The tree labeling polytope is a technical tool for fixed topology ancestral reconstruction problems. Here, we provide an implementation of the tree labeling polytope for the following three problems:
- the parsimonious migration history problem
- the softwired small parsimony problem
- the convex recoloring problem
Each problem takes as input either a tree topology or a phylogenetic network and a leaf labeling, and outputs a labeling of the internal nodes of the tree or network that is optimal with respect to the problem-specific objective function.
The tool offers three modes, each corresponding to one of the three problems. Each mode offers a different set of options, which are described in the help message for each mode. The top-level help message is shown below:
python src/tlp.py --help
usage: tlp.py [-h] {fast_machina,convex_recoloring,softwired} ...
Constrained tree labeling using the tree labeling polytope.
positional arguments:
{fast_machina,convex_recoloring,softwired}
Methods
fast_machina fastMACHINA
convex_recoloring Convex Recoloring
softwired Softwired Small Parsimony on a Phylogenetic Network
options:
-h, --help show this help message and exit
The tool requires the following dependencies:
- Python 3.11 or higher
- NetworkX
- NumPy
- loguru
- Pyomo
- Gurobi
We note that a Gurobi license is currently required to use the tool, but it can be replaced with another solver supported by Pyomo (e.g., CPLEX, GLPK) upon request. A Gurobi license is free for academic use and can be obtained from the Gurobi website.
We demonstrate the use of the tree labeling polytope on tumor clone
CP28
from a single-cell lineage tracing dataset modeling metastatic
dissemination in mice from Yang et al. (2021). The tree topology
and branch lengths were inferred by applying Startle followed
by LAML, which are specialized tools for inferring phylogenies
from lineage tracing data. The tree topology and branch lengths
are stored in the file examples/CP28_tree_edgelist.tsv
. The
leaf labeling is stored in the file examples/CP28_leaf_labeling.csv
and describes the anatomical location of each cell in the tree.
We apply the tree labeling polytope to infer the most parsimonious ancestral labeling such that the induced migration graph is i) unconstrained, ii) acyclic, and iii) a tree. We do this by executing the following commands:
python src/tlp.py fast_machina examples/CP28_tree_edgelist.tsv examples/CP28_leaf_labeling.csv -l LL -c none -o examples/CP28_unconstrained
python src/tlp.py fast_machina examples/CP28_tree_edgelist.tsv examples/CP28_leaf_labeling.csv -l LL -c dag -o examples/CP28_dag
python src/tlp.py fast_machina examples/CP28_tree_edgelist.tsv examples/CP28_leaf_labeling.csv -l LL -c tree -o examples/CP28_tree
Here, the -l
flag specifies the anatomical location of the root of the tree,
which in this case is the left lung (LL). If this flag is not provided, the
root is automatically inferred. The -c
flag specifies the constraint on the
induced migration graph, which can be none
, dag
, or tree
. This procedure
results in the following output files:
examples/CP28_unconstrained_migration_graph.csv
examples/CP28_dag_migration_graph.csv
examples/CP28_tree_migration_graph.csv
which describe the induced migration multigraphs for the unconstrained, acyclic, and tree constraints, respectively.

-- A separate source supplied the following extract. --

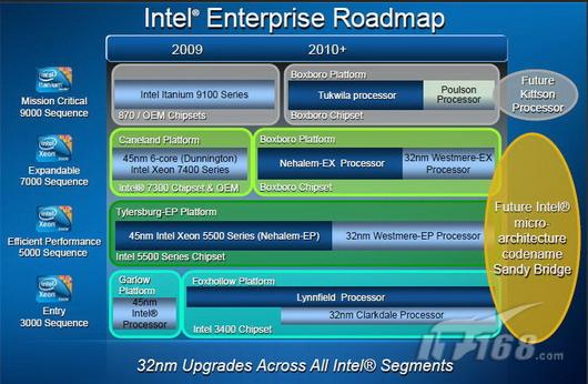 除了X86服务器领域两个最重要的产品至强5600和Nehalem-EX之外,预计今年的IDF也会披露其他服务器相关产品技术的最新进展,如Tukwila安腾、面向高性能计算的AVX指令集、UEFI统一可扩展固件、SSI标准刀片服务器、下一代处理器微架构SyBridge等,我们将继续关注和报道。
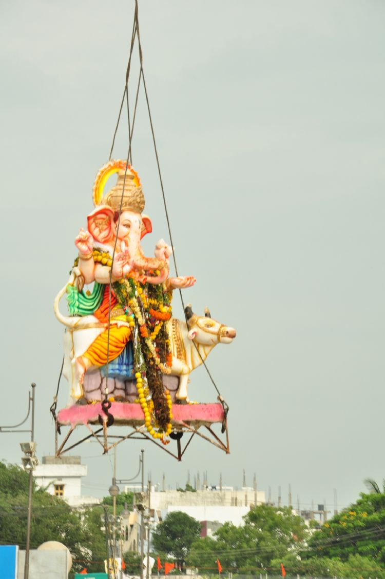 A massive Ganesh idol leading the procession of Ganesh Nimajjanam which began from Charminar to Husain Sager on Wednesday.

To solve the convex recoloring problem, we apply the tree labeling polytope
to the tumor clone CP28
from the same single-cell lineage tracing dataset.
We use the same tree topology and leaf labeling as in the previous example.
python src/tlp.py convex_recoloring examples/CP28_tree_edgelist.tsv examples/CP28_leaf_labeling.csv -o examples/CP28_convex_recoloring
This command results in the output file examples/CP28_convex_recoloring_vertex_labeling.csv
which describes the convex recoloring of the tree with the minimum number of leaf recolorings.